Cause of global throat cancer epidemic a mystery

The “astounding” increase in cases of esophageal cancer around the world seems to have begun in the UK in the 1950s, but a recent comprehensive analysis of historical data has brought scientists no closer to identifying the cause. The new report into what medicos call a “global epidemic” appears in the journal Gut.

There are two distinct types of gullet (esophageal) cancer – squamous and adenocarcinoma, the latter typically affecting the lower third of the esophagus. It was first observed that diagnoses of adenocarcinoma were increasing rapidly in the mid-1980s, but the reasons behind this dramatic increase are still an enigma.

In a bid to identify any discernible patterns, the authors of the new report looked at data from 16 population based cancer registries in eight countries (Australia, Denmark, England, Finland, Norway, Scotland, Sweden and the US), going back between 29 and 54 years.

The researchers calculated the rates of the disease that would be expected to be diagnosed, according to the age of the population and looked at the timelines to see if there were particular flash points at which diagnoses suddenly increased.

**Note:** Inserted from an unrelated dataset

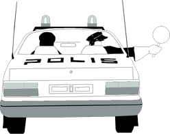 Kör in till vägkanten och stanna framför polisfordonet - Tecknet anger att föraren av det fordon som befinner sig framför polisfordonet ska köra in till vägkanten och stanna. Tecknet ges med växelvis blinkande blått och rött ljus.

They found that the incidence of esophageal adenocarcinoma continued to increase rapidly in all 16 registries, and there is little evidence that this trend is beginning to plateau. Men continue to be 3-9 times as likely to develop the disease as women – a pattern that has remained consistent over time.

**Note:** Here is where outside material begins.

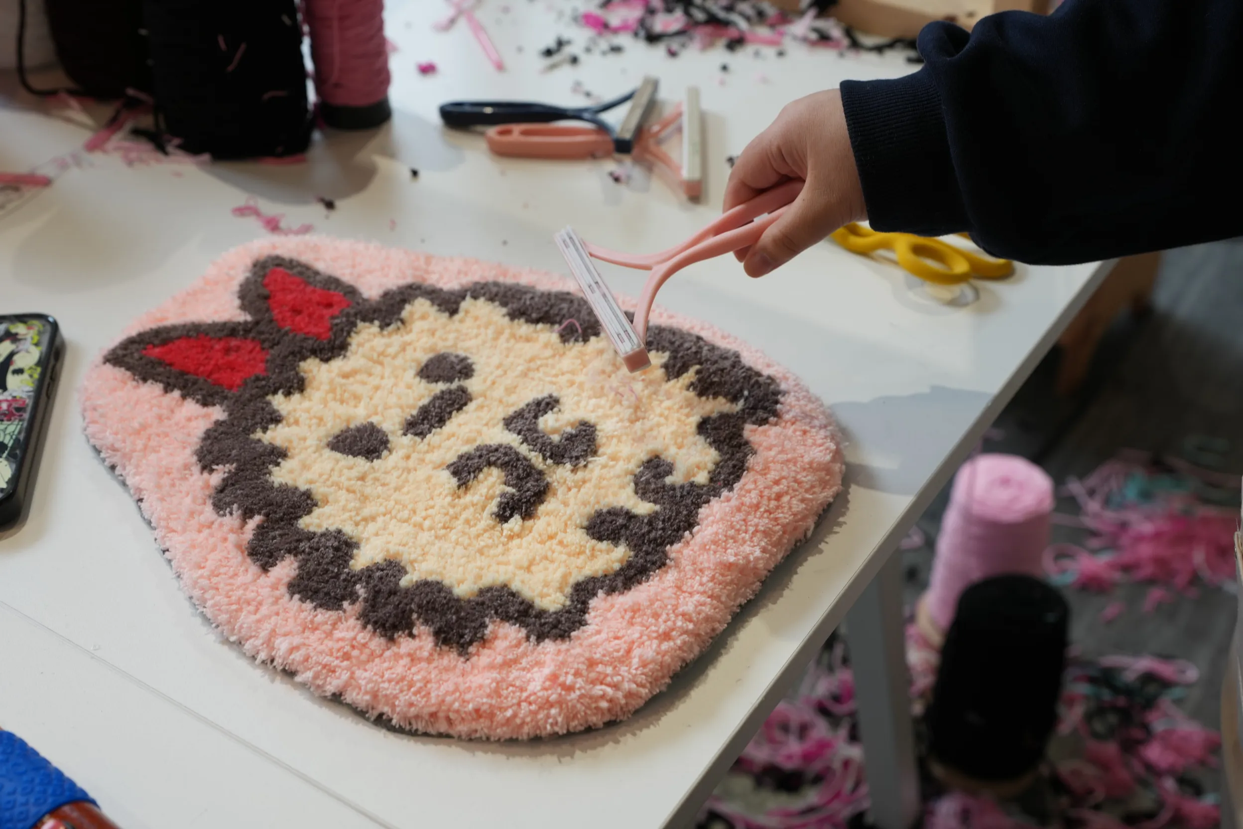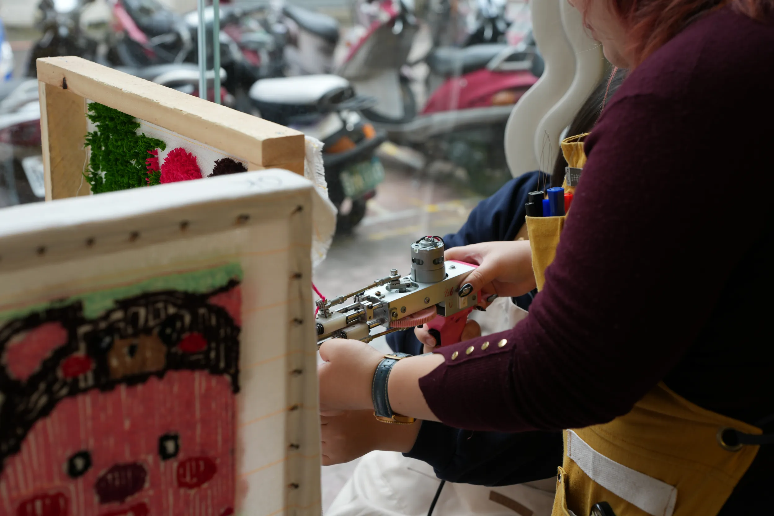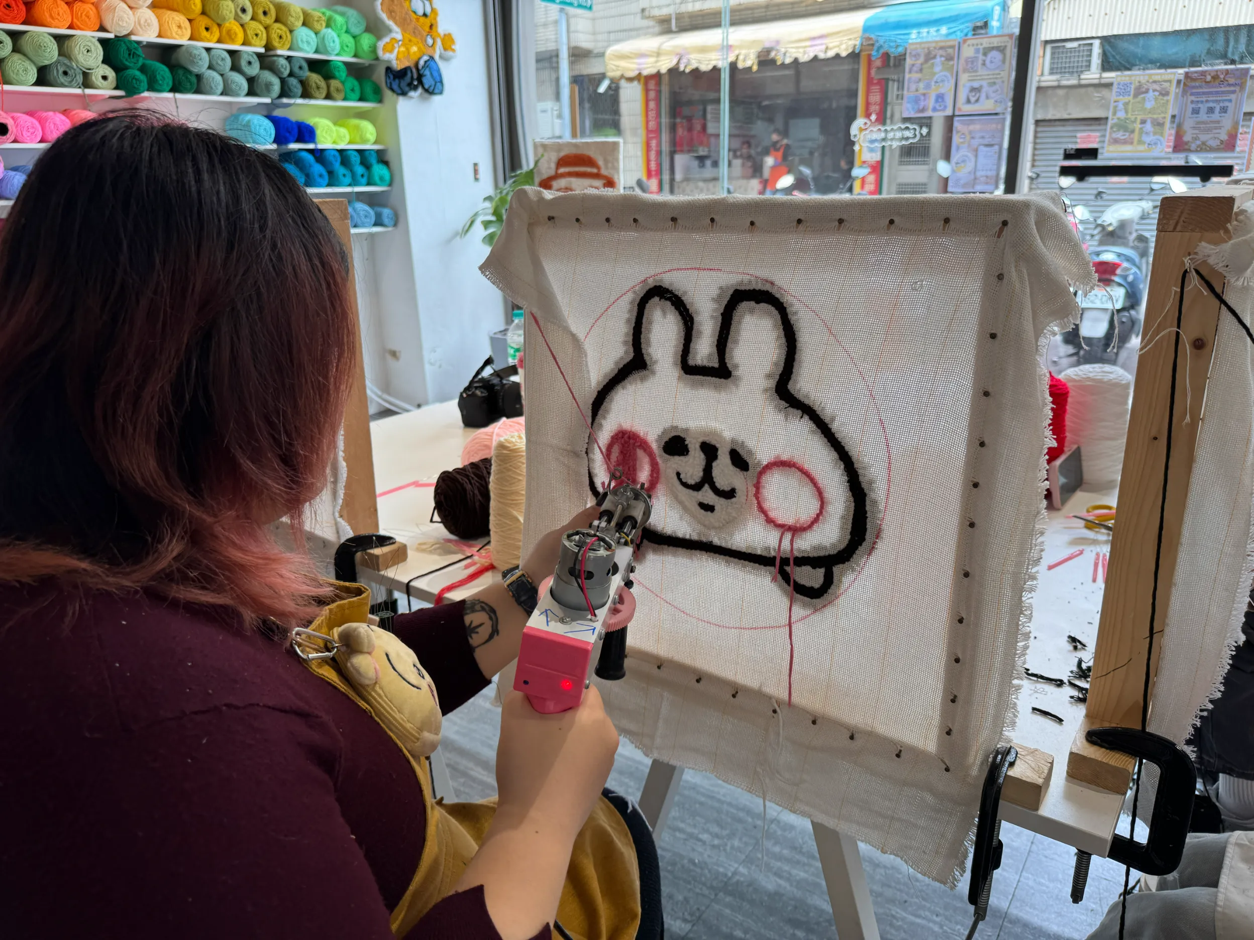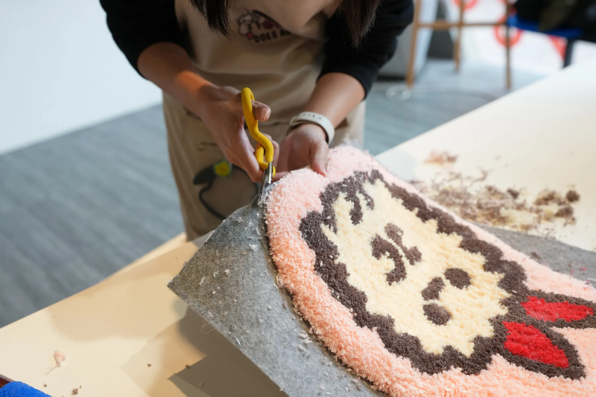 即便是第一次製作地毯的新手,也能輕鬆上手,老師會先耐心示範簇絨槍的基本用法,過程中遇到不懂的地方隨時都可以詢問。當我好奇會不會出現打失敗的作品時,老師也說明會盡力幫忙補救,確保每一件作品都能完整漂亮,讓整個手作過程很安心,看到成品時充滿成就感。

The researchers note that in around half the registers, a low and seemingly stable rate of new diagnoses shifted abruptly to a rapidly and consistently linear increase. In the remainder of the registries, the rate had gone beyond a low and stable phase, and was already rising when registration started.

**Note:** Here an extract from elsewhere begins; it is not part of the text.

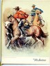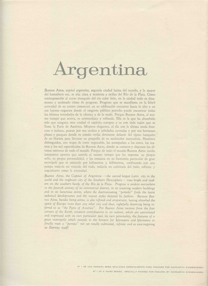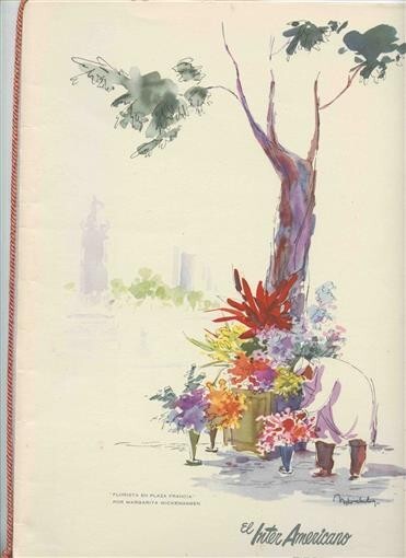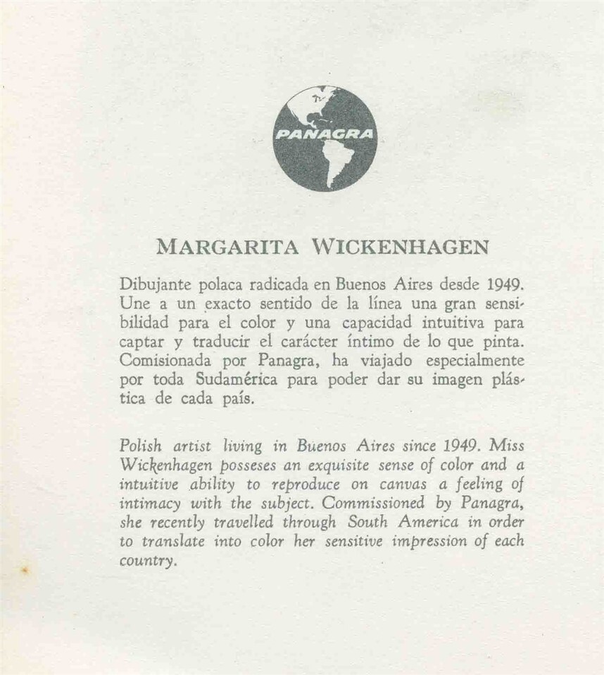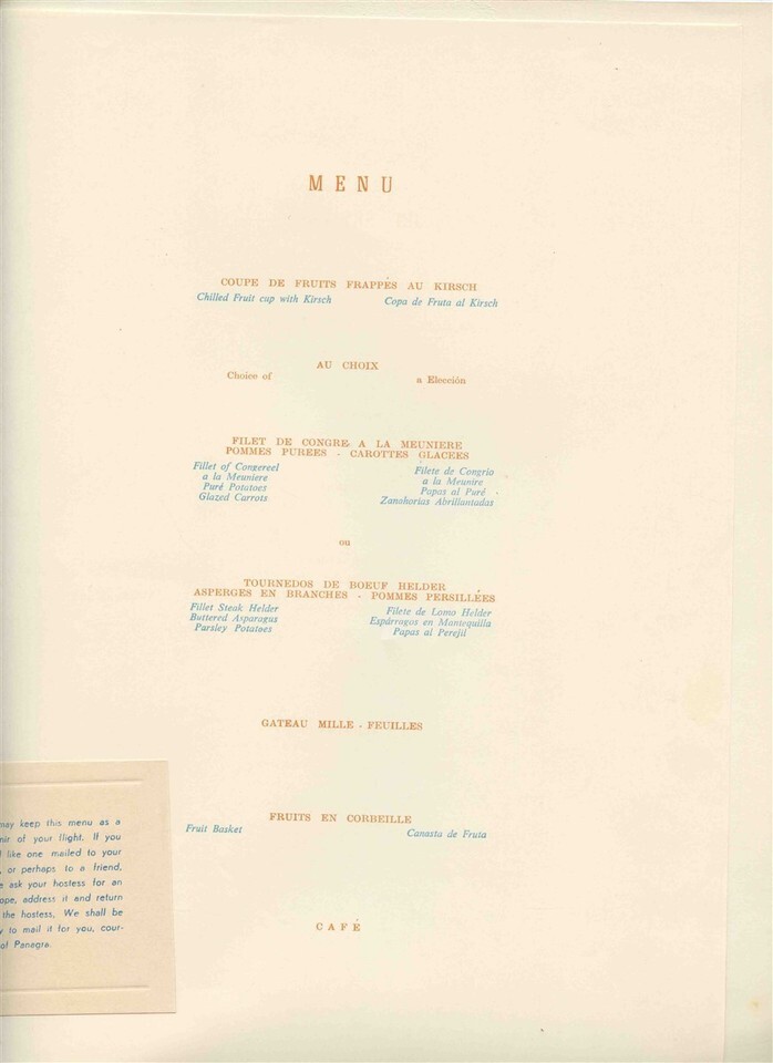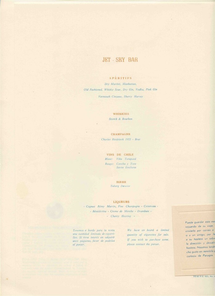 A Panagra El Inter Americano Fiest lass menu for a flight in the early 1960's. The cover art is by Margarita Wickenhagen. The cover is No 1 of a series and is Florista En Plaza Francia and represents Argentian. Measures about 12" x 9 " when closed. Menu held into the cover with a yellow tassel. In French, English and Spanish. The DC-8 was introduced in 1960 and in 1965 the routes were sold to Braniff.

Timeline analysis indicated that the first discernible surge probably occurred around 1960 in Scotland and England, with a similar surge in the US starting in the mid-1970s, and another beginning in 1991 in Sweden.

The authors suggest that as the analysis was restricted to countries and regions with reliable and longstanding data, it seems unlikely that more than a fraction of these patterns could be attributable to mistakes in diagnosis.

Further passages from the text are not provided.